**RECORDS SUPPLIED**
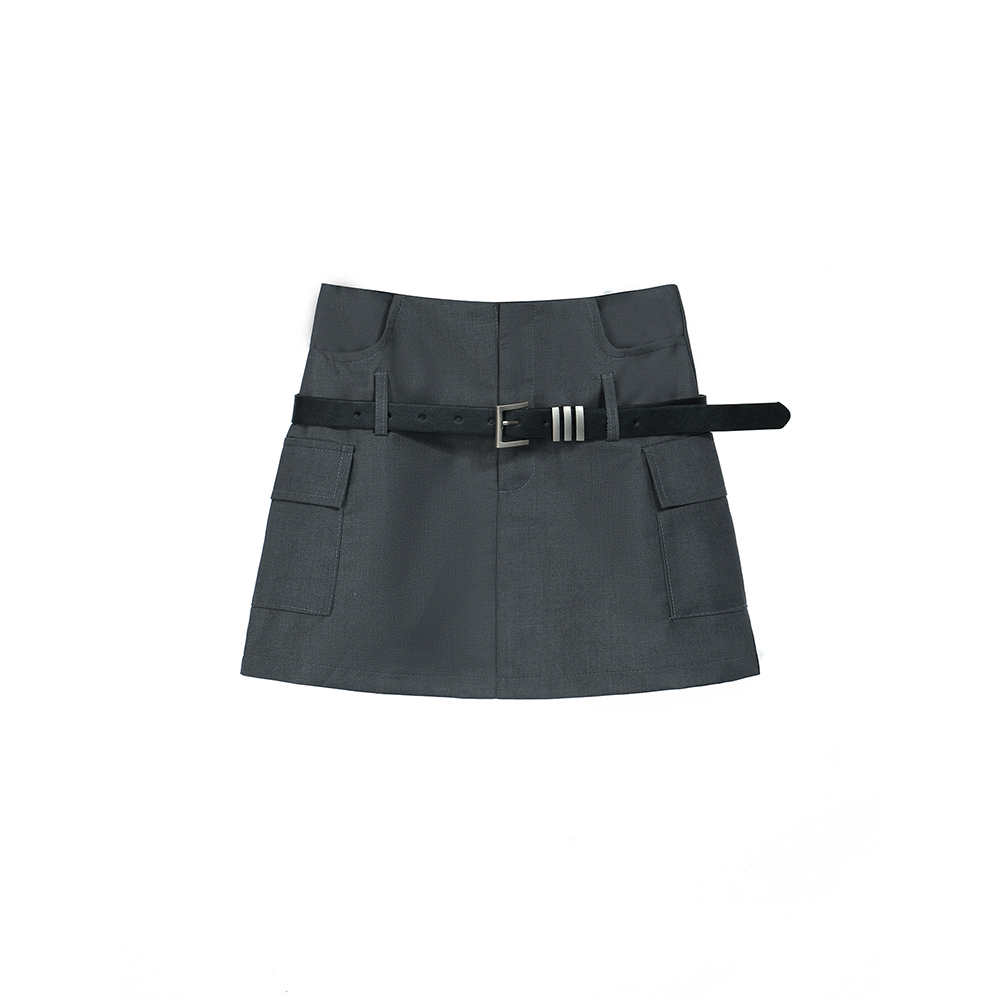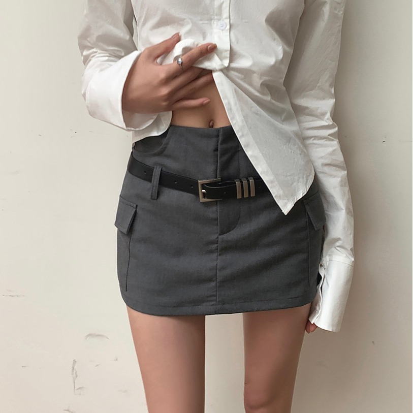 2025春夏新款灰色半身裙女设计感辣妹显瘦包臀短裙腰带
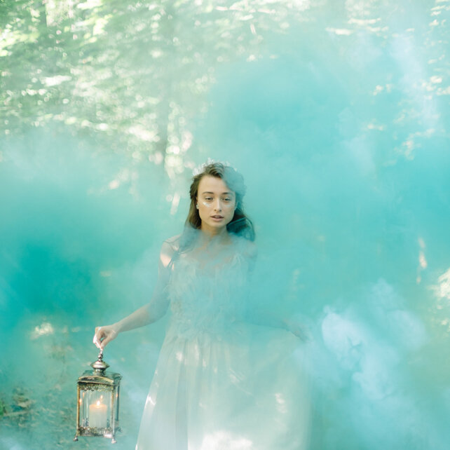 Но с точки зрения фотографа цвет тиффани очень коварный. Что может произойти если всё везде будет цвета тиффани? Можно получить нежелательные рефлексы на лицах - проще говоря, кожа станет цвета тиффани. Это не очень приятный момент для фотографа и клиента, ведь невозможно отретушировать каждый кадр со свадебной съемки. Поэтому нельзя допускать перебора, лучше добавить тиффани в виде акцентов, отдельных аксессуаров. Сам оттенок выбирать не слишком насыщенный, чуть бледнее, чем оригинальный цвет. А скатерти, пол, стены и потолок стоит оставить в более нейтральном цвете.
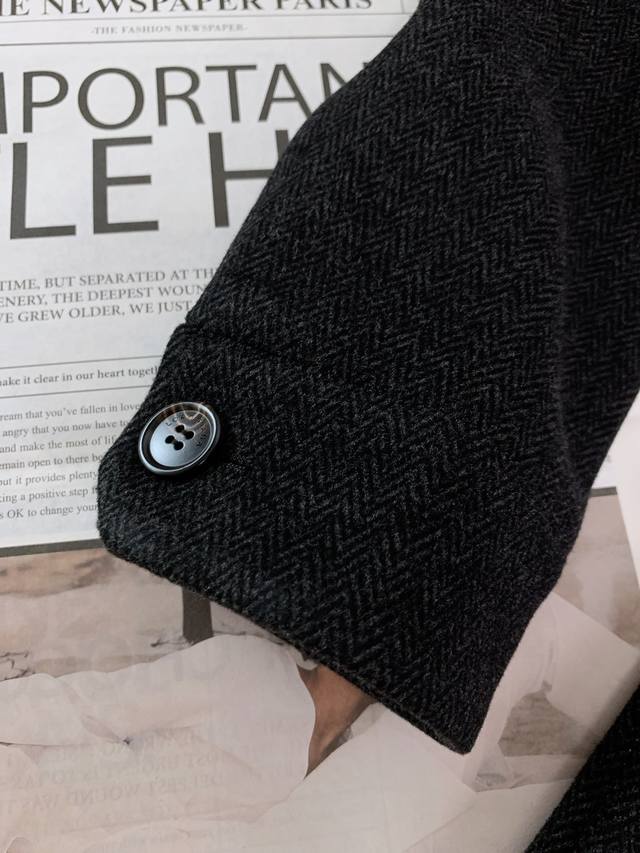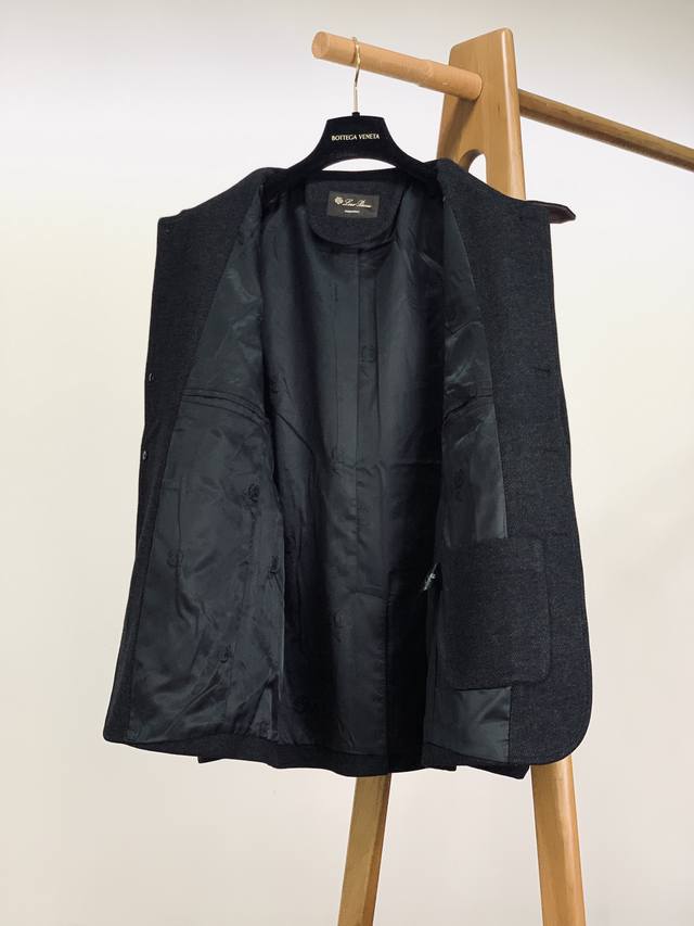 branded buttons, intricate back embroidery, and a delicate lining embody L.p's unwavering dedication to quality, from the large silhouette to the smallest details. The crispness of the wool and the softness of the blend create a piece that balances formal elegance with casual everyday wear, making it a stylish piece that can be worn all season.
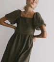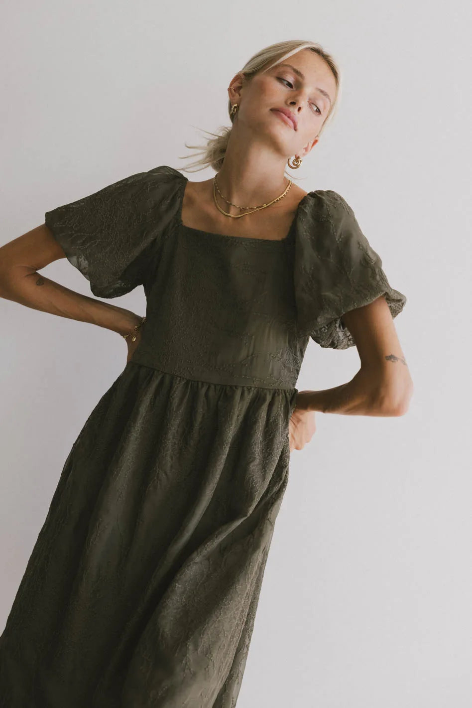 The Karrie Embroidered Midi Dress brings a soft, romantic feel with its delicate embroidery and puff sleeves. It’s perfect for an outdoor brunch, adding charm and elegance to your day. Pair it with sandals for an easy, beautiful look.
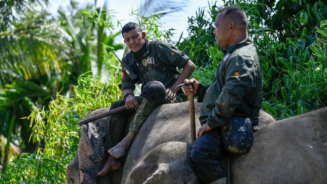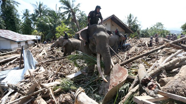 FOTO: Gajah-gajah Dikerahkan Bersihkan Gelondongan Kayu Banjir Aceh

**TASK GOAL**
Beginning with the line that has "The Karrie Embroidered", repeat each remaining line of the data above word for word, keeping pictures out.

**TASK SOLUTION**
 The Karrie Embroidered Midi Dress brings a soft, romantic feel with its delicate embroidery and puff sleeves. It’s perfect for an outdoor brunch, adding charm and elegance to your day. Pair it with sandals for an easy, beautiful look.
 FOTO: Gajah-gajah Dikerahkan Bersihkan Gelondongan Kayu Banjir Aceh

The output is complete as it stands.